Added as optional SandboxConfig sandbox_config = 4 on GetSandboxPolicyResponse. Independent revision tracking from policy version. Designed as a general-purpose gateway → sandbox operational config channel.

Log Site Migration Scope

93 file-level log sites across 18 source files:

Event Class Count Primary Files
Network Activity [4001] 19 proxy.rs, bypass_monitor.rs
HTTP Activity [4002] 7 proxy.rs, l7/relay.rs
SSH Activity [4007] 10 ssh.rs
Process Activity [1007] 4 lib.rs, process.rs
Detection Finding [2004] 9 ssh.rs, opa.rs, l7/relay.rs, proxy.rs, bypass_monitor.rs
Application Lifecycle [6002] 18 main.rs, lib.rs, netns.rs
Device Config State Change [5019] 24 lib.rs
Base Event [0] 20 netns.rs, mechanistic_mapper.rs, proxy.rs, bypass_monitor.rs

Dual-emit events: BYPASS_DETECT (Network Activity + Detection Finding), NSSH1 nonce replay (SSH Activity + Detection Finding).

Dependencies

Order of Battle

Each step depends on prior steps unless noted.

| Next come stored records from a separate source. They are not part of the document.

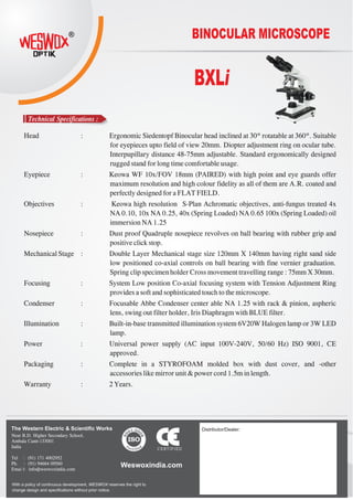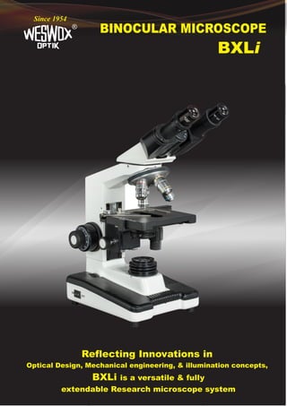 The BXLI binocular microscope, in use since 1954, features advanced optical design and is ideal for research, with multiple specifications for versatility and comfort. Key components include ergonomic design, high-resolution eyepieces, and various achromatic objectives, ensuring optimal performance. The microscope is equipped with a durable mechanical stage, sophisticated focusing system, built-in illumination, and is backed by a two-year warranty.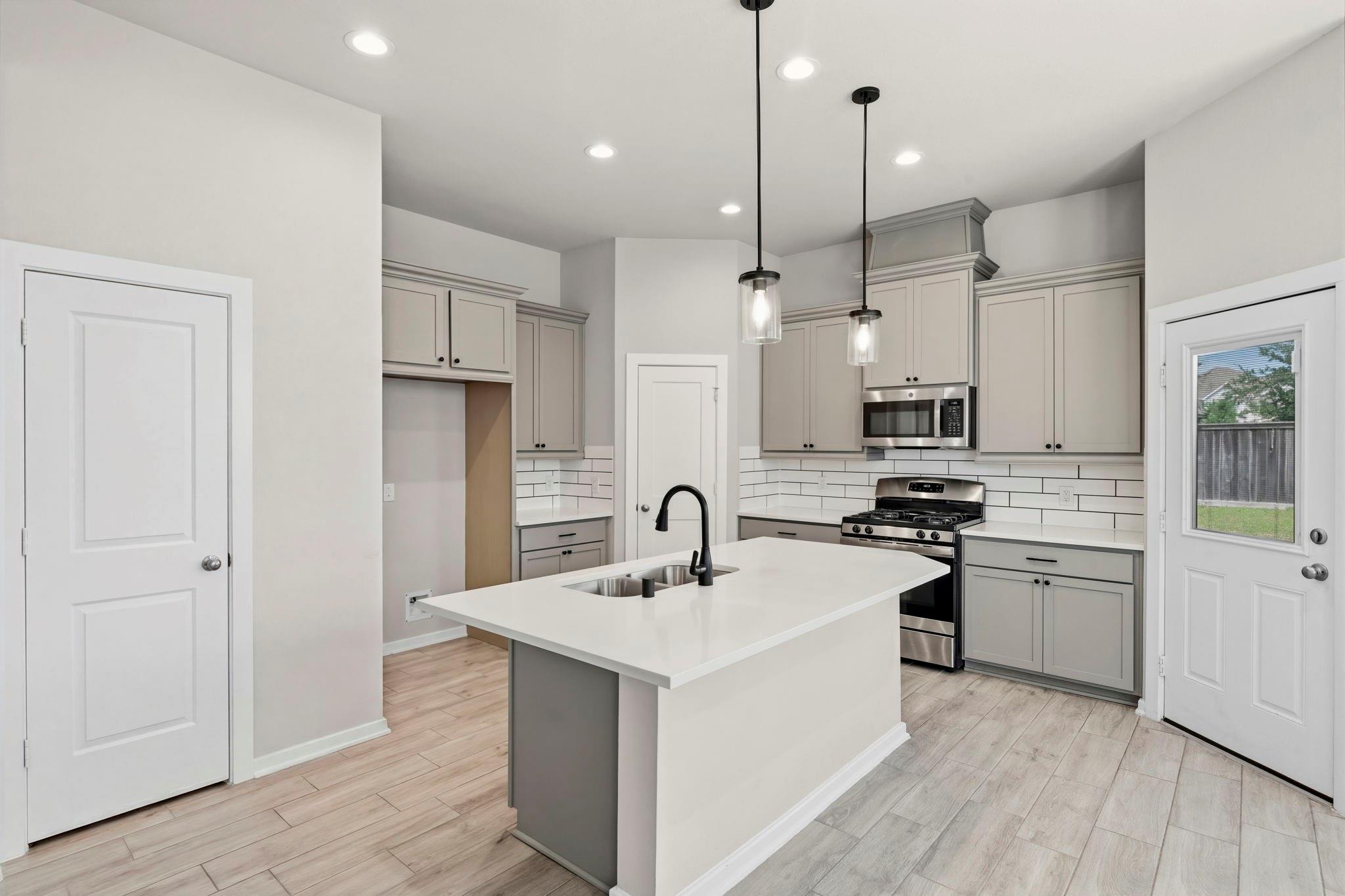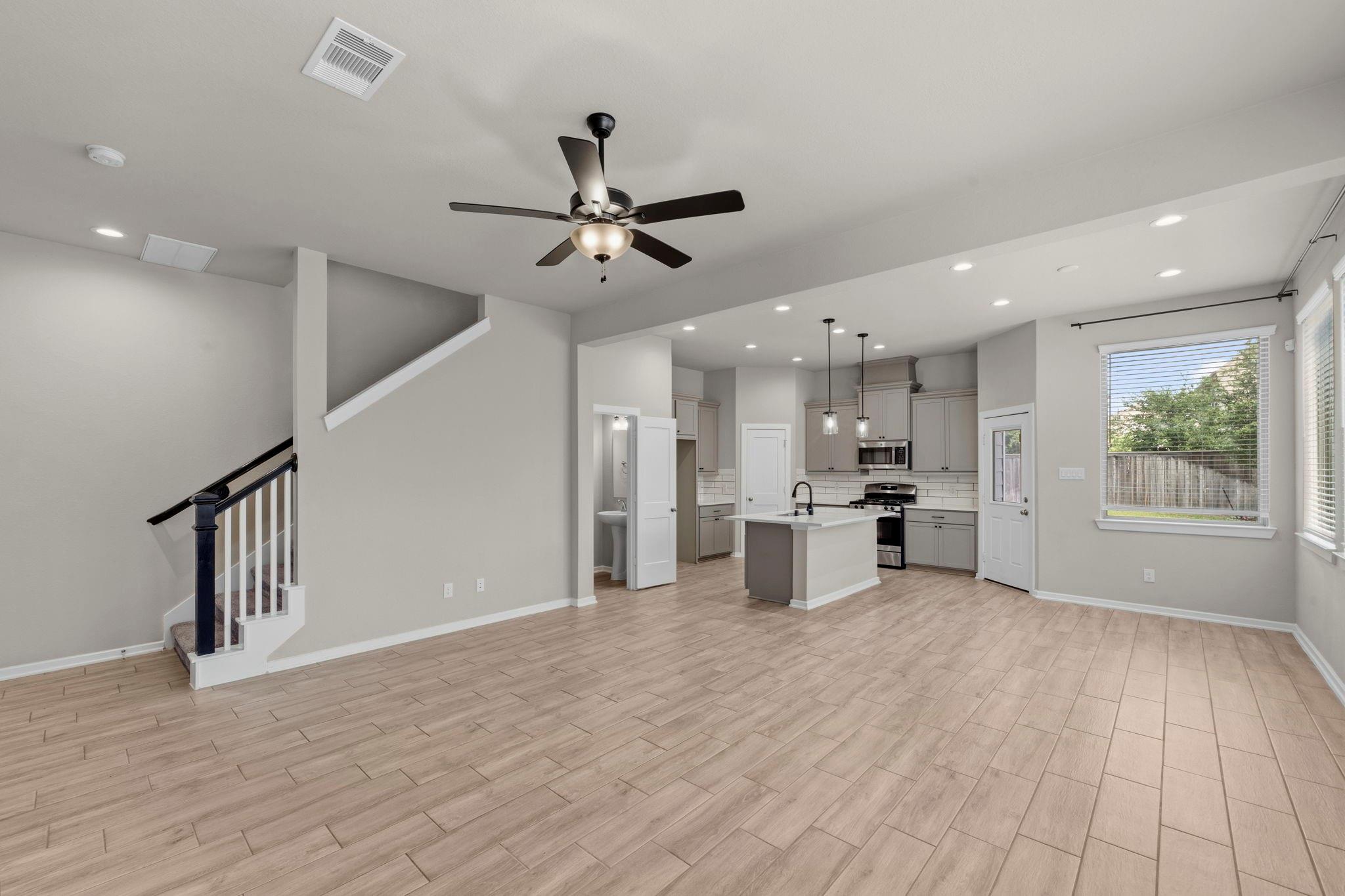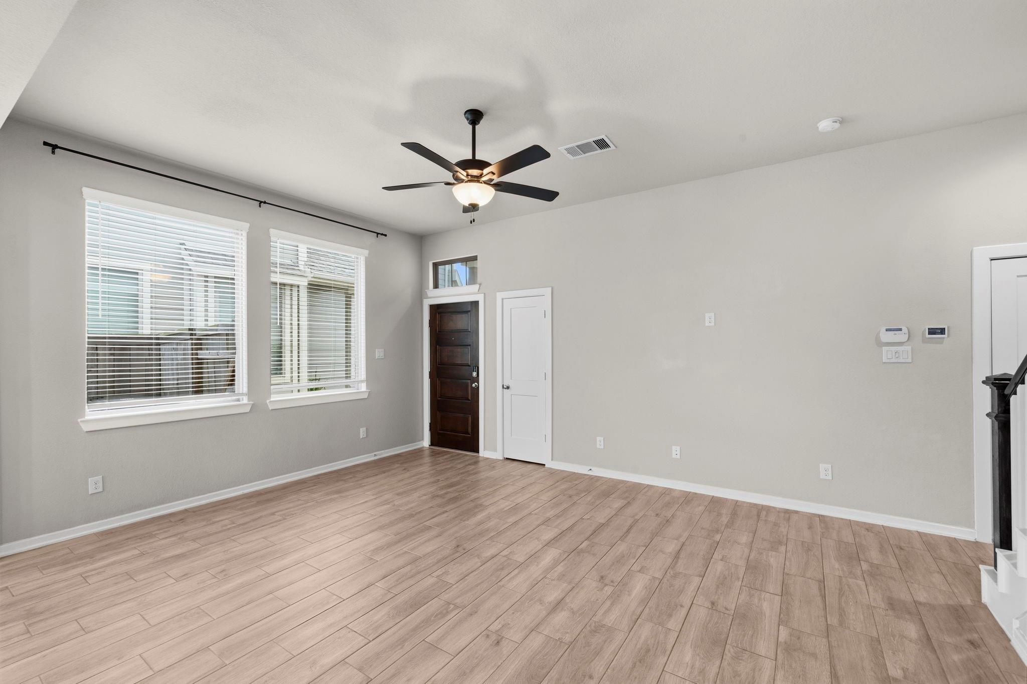 Experience the best of Bridgeland living in this stunning 3-bedroom, 2.5-bath townhome, perfectly positioned with no front neighbors. The first floor offers a seamless open-concept layout throughout the living, dining, and kitchen areas. The chef-inspired kitchen boasts a large island with a sink and seating, quartz countertops, and a spacious walk-in pantry. Upstairs, you’ll find a versatile loft/game room and a convenient laundry area. The primary retreat offers a large ensuite bathroom and a generous walk-in closet, while two guest rooms are connected by a full bathroom. The garage is complete with finished flooring. The backyard boasts a covered patio and private yard space, perfect for relaxing. Located just minutes from 99 and Tuckerton, this home offers an easy commute and access to world-class amenities: tennis courts, fishing lakes, a junior Olympic-size pool, lap pool, tower slides, a gym, and miles of walking/biking trails. Zoned to acclaimed Cy-Fair ISD schools!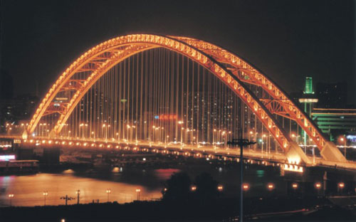 长沙黑石铺湘江大桥2000-2003 由中铁大桥局承建。大桥全长3360m,其桥跨布置为:12×30m(混凝土连续箱梁)+5×80m(上承式混凝土箱肋拱)+144m+162m+144m(中承式钢管混凝土拱)+3×80m(上承式混凝土箱肋拱)+9×30m(混凝土连续箱梁),主桥由中间11孔拱桥形成连拱体系。..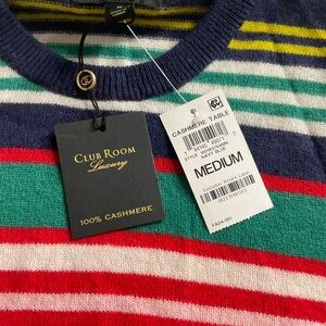 Club Room Men's Size Medium Rainbow Stripe 100% Cashmere Crew-Neck Sweater NWT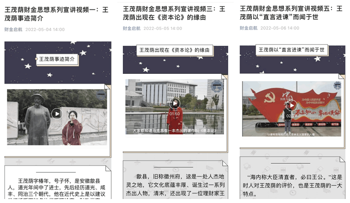 5月4日至6日,王茂荫财金思想学习研究会通过财会金融学院微信公众号“财金启航”开展线上学习宣讲活动,推出5期王茂荫财金思想系列宣讲微视频,对王茂荫财金思想进行线上传播。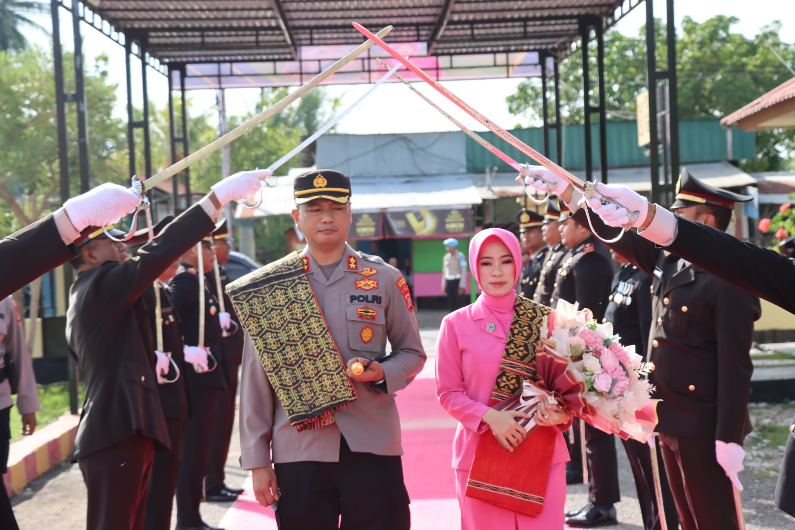Prosesi ini dilakukan oleh para perwira yang berbaris dengan pedang terhunus membentuk gapura, menciptakan suasana penuh kehormatan saat Kapolres melangkah memasuki gedung markas kepolisian.
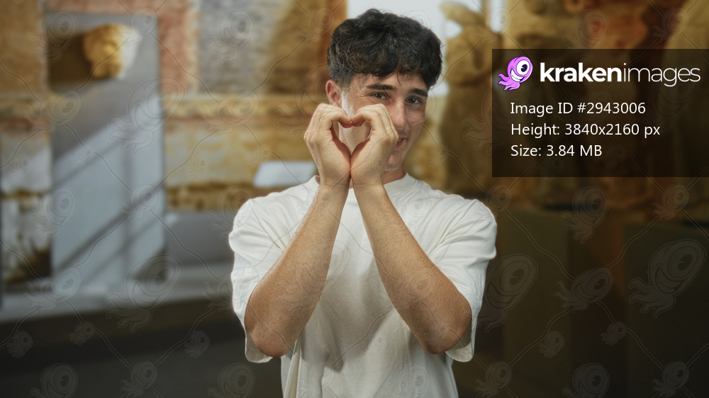 Man forms heart with hands in museum gallery near classical stone statues and plinths; youthful affection.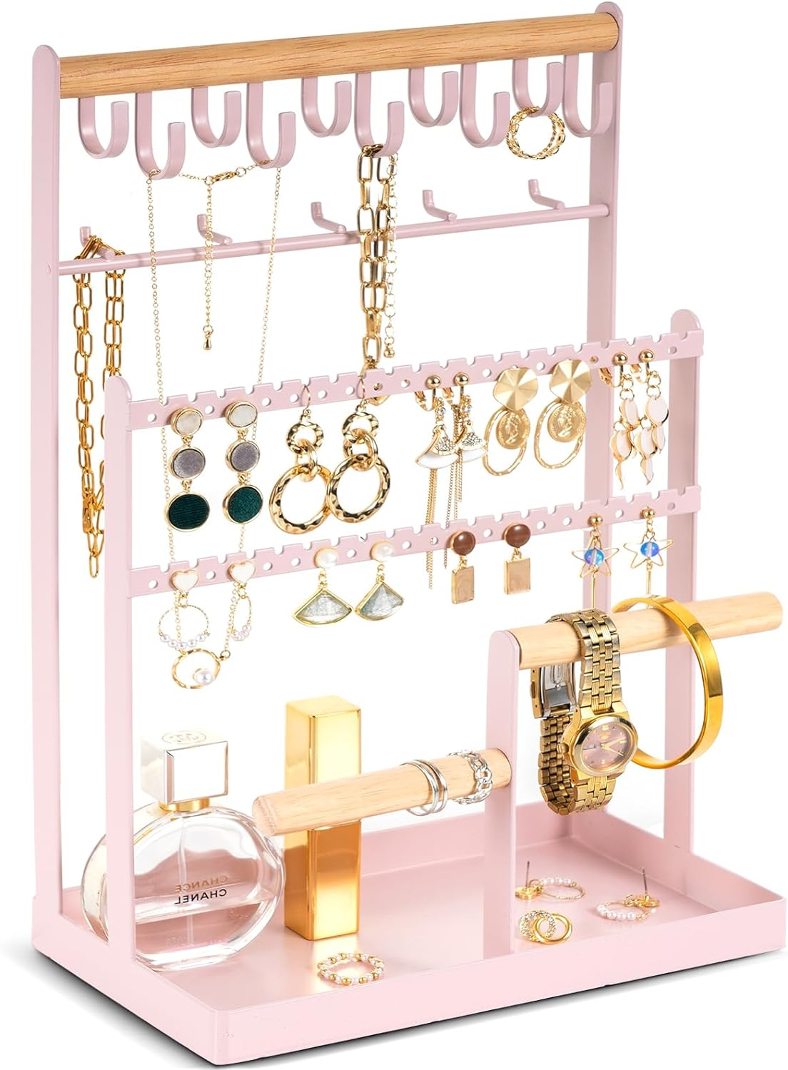 - Sturdy and Stable - The metal structure with padded bottom for sure helps keep all your pieces safely hung and it doesn’t scratch surfaces. It will look really cute sitting on your dresser or bathroom counter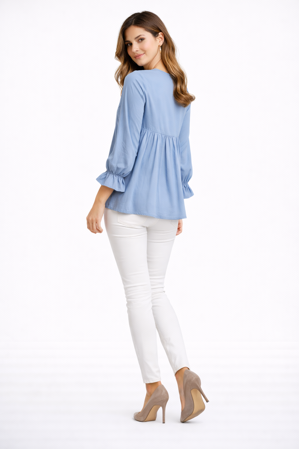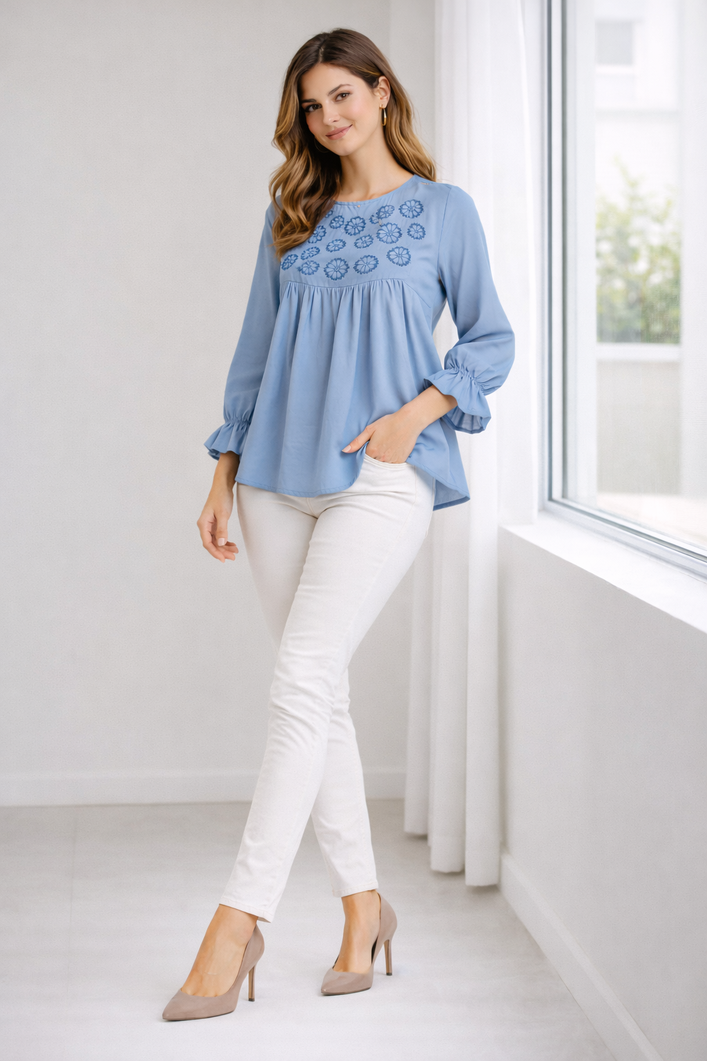 The delicately embroidered yoke adds a refined feminine touch to this rayon peplum top, giving it a stylish yet comfortable look. Easy to pair with jeans, trousers, skirts, or casual bottoms, this top is designed to create elegant everyday outfits that combine comfort, style, and modern simplicity.

Step 1: Proto changes (~0.5 day)

  • Add SandboxConfig and LoggingConfig messages to proto/sandbox.proto:
    message SandboxConfig {
      uint64 config_revision = 1;
      LoggingConfig logging = 2;
    }
    
    message LoggingConfig {
      bool ocsf_enabled = 1;
    }
  • Add optional SandboxConfig sandbox_config = 4 to GetSandboxPolicyResponse
  • Regenerate Rust proto bindings (mise run proto:gen or equivalent)
  • Verify proto compilation succeeds and generated Rust types are accessible
  • Verify existing proto tests still pass

Done when: Proto compiles. SandboxConfig and LoggingConfig types exist in generated Rust code. GetSandboxPolicyResponse has an optional sandbox_config field. Existing tests pass.

Step 2: Gateway config plumbing (~1-1.5 days)

  • In openshell-server, read ocsf_logging_enabled from gateway config sources (priority: YAML > CLI flag > env var OPENSHELL_OCSF_LOGGING)
  • Maintain config_revision: u64 counter in gateway, initialized to 1 on startup, incremented on any config change
  • Populate SandboxConfig in every GetSandboxPolicyResponse with current config_revision and ocsf_enabled value
  • When ocsf_logging_enabled is not configured, default to false
  • Add unit tests: config parsing from each source, revision counter increments, response population

Done when: Gateway populates SandboxConfig in every GetSandboxPolicyResponse. Config revision starts at 1 and increments correctly. Tests verify config source priority and default behavior.

Depends on: Step 1.

Step 3: Sandbox subscriber wiring (~1-1.5 days)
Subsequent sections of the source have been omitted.